Please note that location entries may feature older photos or post card views that may not represent the current appearance or features of the attraction. This site is intended to be a historical as well as current record of various attractions but it is not always possible to have up-to-date information due to the vast number of locations featured here. We ask you consult the propietor for current information.
From Tom Jones
This park was on the Grand River, bordered on the east by the Lansing Boat Club which is now the site of a high end subdivision. It operated between 1884 and 1917. There appears to be some metal posts in the ground on the site that may be remnants of the old park.

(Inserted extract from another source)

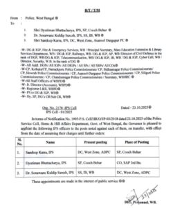 वहीं, वर्तमान डीसीपी (वेस्ट) संदीप कर्रा को कूचबिहार जिले के पुलिस अधीक्षक (SP) पद पर स्थानांतरित किया गया है। इस आदेश के साथ, कूचबिहार के वर्तमान एसपी द्युतिमान भट्टाचार्य को पद से हटाकर सशस्त्र पुलिस बल (SAP) की तीसरी बटालियन का कमांडेंट बनाया गया है।

Typical of that era, the park was accessible via trolley which connected to downtown Lansing. There were also steamboats along the river that provided transport to the park with one dock being located on Logan Street (now MLK). The park was also known as Leadley's Park. There was a large pavilion, also typical of the parks of that time. And of course a boathouse.
More info is available in the book "Old Lansing Town" edited by Hazel Proctor.
The New Resort Leadley’s Park will be opened to the public July 4 A Pen Picture of the Place cannot Reflect its Beauties—A Resort Equal to Any in the State. E. C. Beecher, the wide-awake superintendent of Leadley’s park, yesterday afternoon hooked up his team of spanking bays and gathering up representatives of the leading newspapers of the city, gave them a lively spin over to the park, where a thorough inspection of grounds and buildings was made.
For seven years Mr. Leadley, the proprietor has been improving this spot, during which time he has visited nearly every summer resort of any prominence in the country, with a view to completing and giving to the citizens as handsome and commodious a place for recreation as any city in the country can boast of. That he has been eminently successful in his undertaking, a single glance at the handsome resort that will be opened to the public next Monday is sufficient to convince the most skeptical.
To give a pen picture of this resort that would be in keeping with the place itself is an impossibility in the small space which can be devoted to the subject, so the Republic will but briefly outline a few of the main points. On entering the grounds after a thirty minutes’ drive through as fine a county as lays outdoors, the visitor is struck with amazement at the wonderful change that has been wrought in the past few months. To the right of the entrance, approached by a broad drive through b road-branched maples, is seen the hotel, a magnificent three-story structure, with wide piazzas and broad porches, that has been built and arranged after the most modern plans and with every convenience for the expected guests.